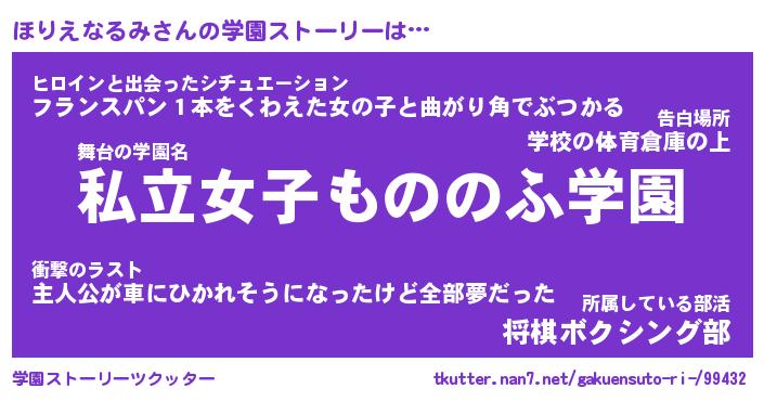 | 女子向けラノベタイトル風あだ名 | 『誰かこのほりえなるみを説明してください! ~契約から始まるウェディング~』 |
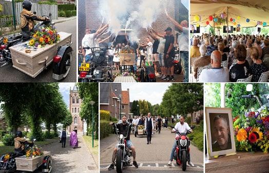 en vrienden aanwezig waren. De dienst vond plaats in een zomers versierde stretchtent, met Joost op een rouwmotor als middelpunt. Tijdens de indrukwekkende afscheidsdienst ging de stoet, begeleid door ronkende motoren en uitvaartverzorger Jeroen Mol, naar het kerkplein. Daar werden fakkels ontstoken als eerbetoon aan Joost, terwijl pastoor Schaepman de ceremonie afsloot. Na afloop verzamelde iedereen zich
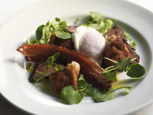 To serve, poach the eggs, arrange the winter salad leaves, offal and bacon on serving plates or in a bowl with the egg in the centre and spoon over the dressing.

● ● ●

WHAT YOU SHOULD DO
Please reproduce the material above word for word, without its images.

SOLUTION FOR THIS PROBLEM
 | 女子向けラノベタイトル風あだ名 | 『誰かこのほりえなるみを説明してください! ~契約から始まるウェディング~』 |
 en vrienden aanwezig waren. De dienst vond plaats in een zomers versierde stretchtent, met Joost op een rouwmotor als middelpunt. Tijdens de indrukwekkende afscheidsdienst ging de stoet, begeleid door ronkende motoren en uitvaartverzorger Jeroen Mol, naar het kerkplein. Daar werden fakkels ontstoken als eerbetoon aan Joost, terwijl pastoor Schaepman de ceremonie afsloot. Na afloop verzamelde iedereen zich
 To serve, poach the eggs, arrange the winter salad leaves, offal and bacon on serving plates or in a bowl with the egg in the centre and spoon over the dressing.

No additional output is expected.